[
https://issues.apache.org/jira/browse/LUCENE-2110?page=com.atlassian.jira.plugin.system.issuetabpanels:comment-tabpanel&focusedCommentId=12786610#action_12786610
]
Uwe Schindler commented on LUCENE-2110:
---------------------------------------
>From our IRC chat between Mike and me:
{quote}
[10:19] ThetaPhi_: mike: any further comments for 2110?
[10:19] mikemccand: am just trying to look at it -- waiting on a sloooooow svn
up.
[10:19] ThetaPhi_: this out of order is not trivial and makes code for
automaton and NRQ more complicated
[10:19] mikemccand: the change is a great step forward
[10:19] mikemccand: yeah forget it
[10:19] ThetaPhi_: yes
[10:19] ThetaPhi_: you understood the problem
[10:19] mikemccand: i had thought it was nearly free
[10:19] mikemccand: i don't fully understand the problem
[10:19] mikemccand: impossible to keep up with you!!
[10:20] ThetaPhi_: when the underlying enum is exhausted (I was exhausted
yesterday, too), it stops processing, even if there are more nextSeelkTerms
[10:20] mikemccand: yes I saw your exhausted pun ;)
[10:20] mikemccand: wait -- if a TermsEnum becomes exhaused, you're unable to
seek it again? is that the issue?
[10:20] ThetaPhi_: waht you could do is, that after the underlying enum is
exhausted, that you call nextSeekTerm and reposition
[10:21] ThetaPhi_: yes
[10:21] ThetaPhi_: you could seek it
[10:21] ThetaPhi_: and this worked at the beginning (first patch without the
additional enum constants)
[10:21] ThetaPhi_: what it did was: when the underlying enum was exhausted it
simply called nextSeekTerm and seeked
[10:22] mikemccand: so TermsEnum API allows seeks after next()'ing to
exhaustion, right? (I think it should but maybe it' doesn't somewhere?)

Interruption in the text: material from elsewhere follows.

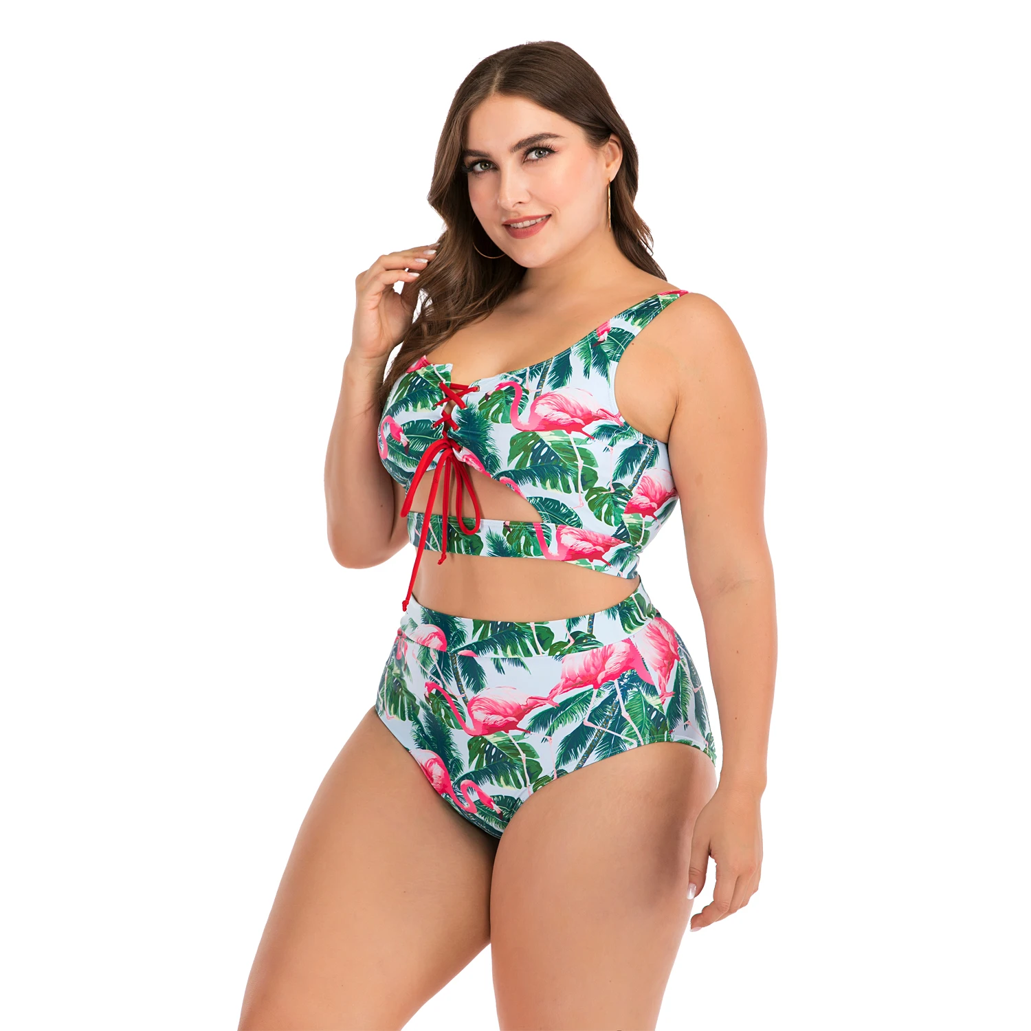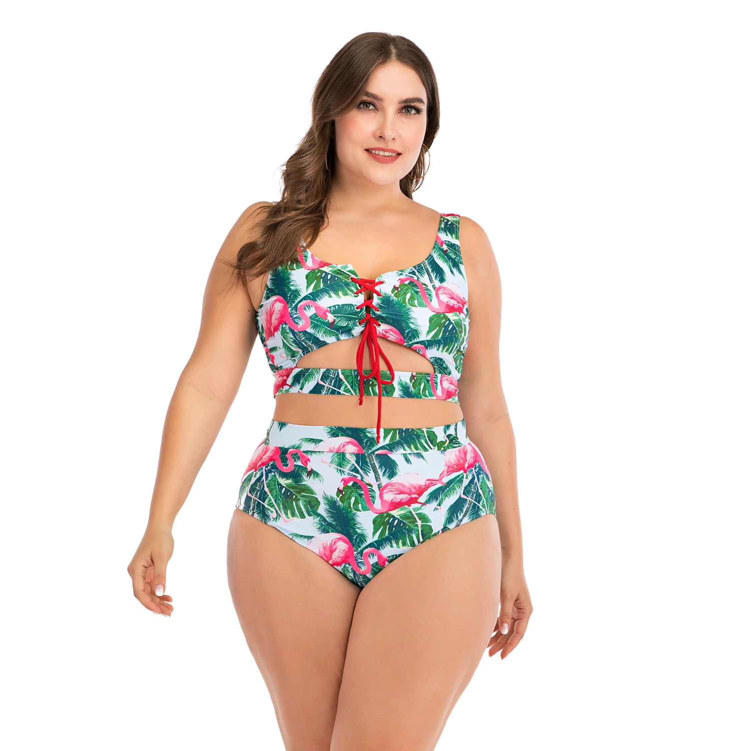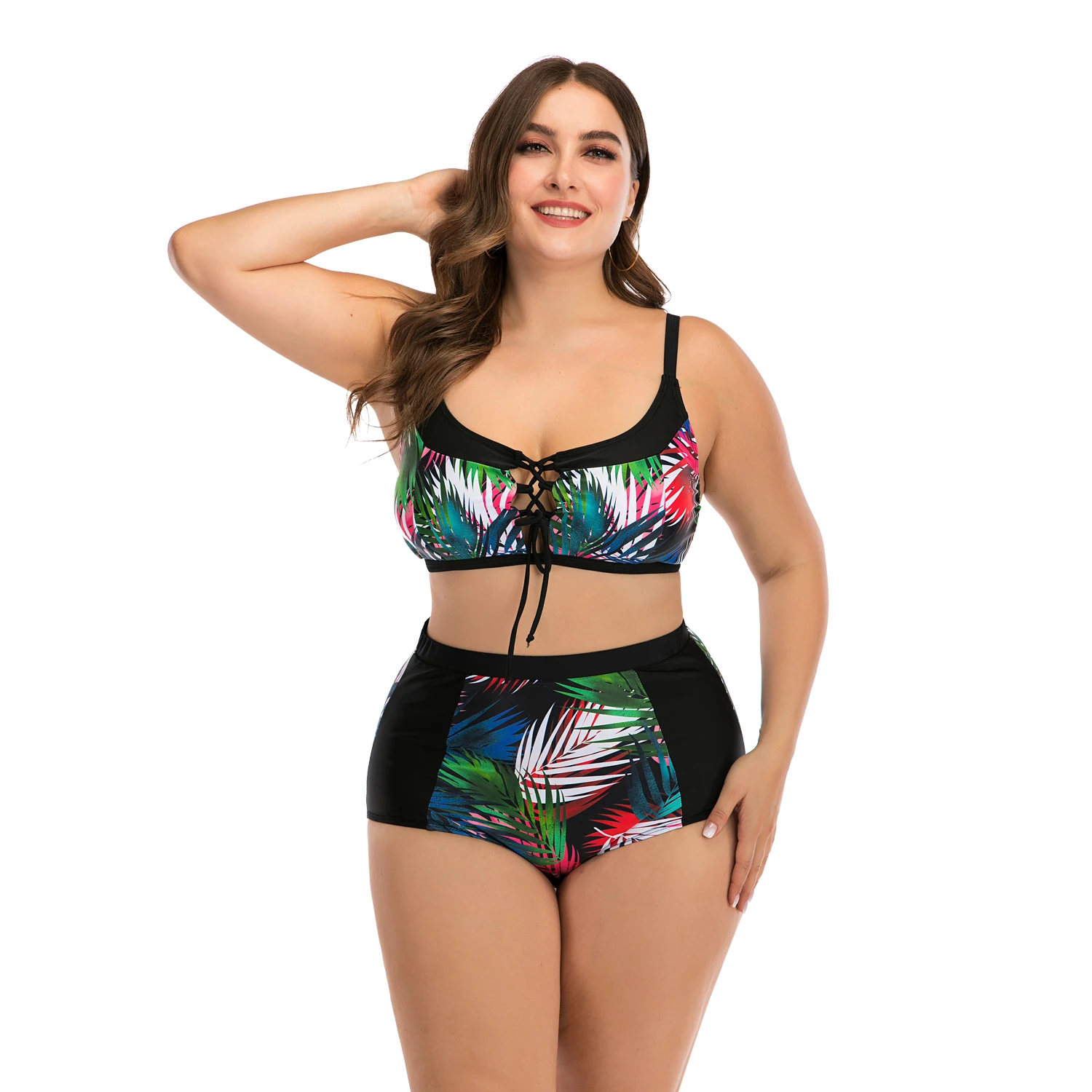 L-4XL Plus Size Bikini Set Swimsuit Women High Waisted Oversize Swimwear Two Piece Tankini Suits Sexy Bathing Suit Beachwear

[10:22] ThetaPhi_: which was ok
[10:22] ThetaPhi_: mikemccand: your enums works perfect
[10:22] ThetaPhi_: they can be seeked everytime even when exhausted
[10:22] mikemccand: ok
[10:23] ThetaPhi_: the problem is logic in filteredtermsenum
[10:23] mikemccand: ok
[10:23] ThetaPhi_: it gets very complicated when you want to support two things:
[10:23] ThetaPhi_: a) seeking on request (NO_AND_SEEK, YES_AND_SEEK)
[10:24] ThetaPhi_: b) and want to consume all nextSeekTerms()
[10:24] ThetaPhi_: if somebody seeks after _AND_SEEK to e.g. the last term of
the enum
[10:24] ThetaPhi_: in the current impl it will read that term
[10:25] ThetaPhi_: call termCompare and so on
[10:25] ThetaPhi_: if this accepts the term or not accepts the term
[10:25] ThetaPhi_: it will call next() on the underlying enum again
[10:25] ThetaPhi_: which then returns null
[10:26] ThetaPhi_: with the current patch it will then also end the
filteredtermsenum
[10:26] mikemccand: ok -- so the termination logic inside FTE.next() got really
hairy if on getting null from the actualEnum you had to consider going back for
another seek term?
[10:26] ThetaPhi_: yes
[10:26] ThetaPhi_: i tried it yesterday
[10:26] mikemccand: we certainly don't need to support thist oday
[10:26] ThetaPhi_: and I had no good test
[10:27] ThetaPhi_: yes exactly
[10:27] mikemccand: if somehow this ever becomes needed then we add it then
[10:27] mikemccand: the new FTE looks great
[10:27] ThetaPhi_: the idea was to provide a param to nextSeekTerm which
denotes if the underlying enum ended
[10:27] mikemccand: NRQ is soooo much simpler :)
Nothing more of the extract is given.